# Task instructions
Set out word for word the line that contains "Прежде, чем перейти" and each line after it, through the end of the data below, but exclude the pictures.

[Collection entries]
══════════════════════════════

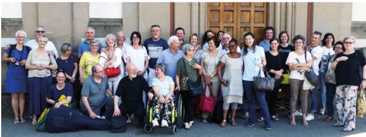
Un pèlerinage de l'Alliance Laïcs-Religieux de la Province d'Europe.

Nous poursuivons la publication de textes de réflexion suscités à partir du thème de notre prochain Chapitre général : « “Le Règne de Dieu est tout proche” (Mc 1, 15). Vivre et annoncer l'espérance de l'Évangile ». Voici la contribution d'une laïque de l'Assomption sur les enjeux de l'Alliance.
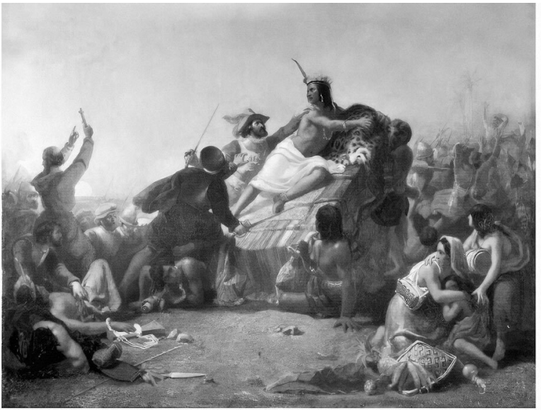
Д.Э. Милле. Писарро берет в плен правителя перуанских инков. 1845

Прежде, чем перейти к рассказу о колонизации северо-восточной части Южной Америки, нужно упомянуть о выкупе, заплаченном конкистадорам императором Атауальпой, которому марионеточный правитель Манко Инка Юпанки приходился братом. Коварно захваченный испанцами Атауальпа предложил в обмен за свою свободу заполнить до потолка золотом помещение, в котором его держали закованным. Услышав столь щедрое предложение, Писарро пришел
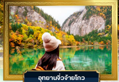
อุทยานจี๋จ้ายโกว
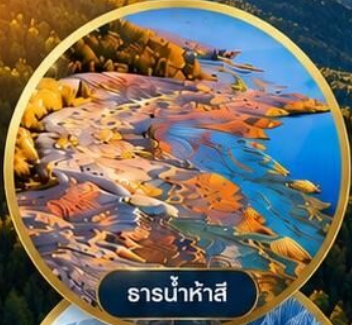
ธารน้ำห้ำสี
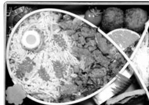
【八幡浜港】鯉ひつまぶし弁当 (認定第1号)

══════════════════════════════

# Answer box
Прежде, чем перейти к рассказу о колонизации северо-восточной части Южной Америки, нужно упомянуть о выкупе, заплаченном конкистадорам императором Атауальпой, которому марионеточный правитель Манко Инка Юпанки приходился братом. Коварно захваченный испанцами Атауальпа предложил в обмен за свою свободу заполнить до потолка золотом помещение, в котором его держали закованным. Услышав столь щедрое предложение, Писарро пришел
อุทยานจี๋จ้ายโกว
ธารน้ำห้ำสี
【八幡浜港】鯉ひつまぶし弁当 (認定第1号)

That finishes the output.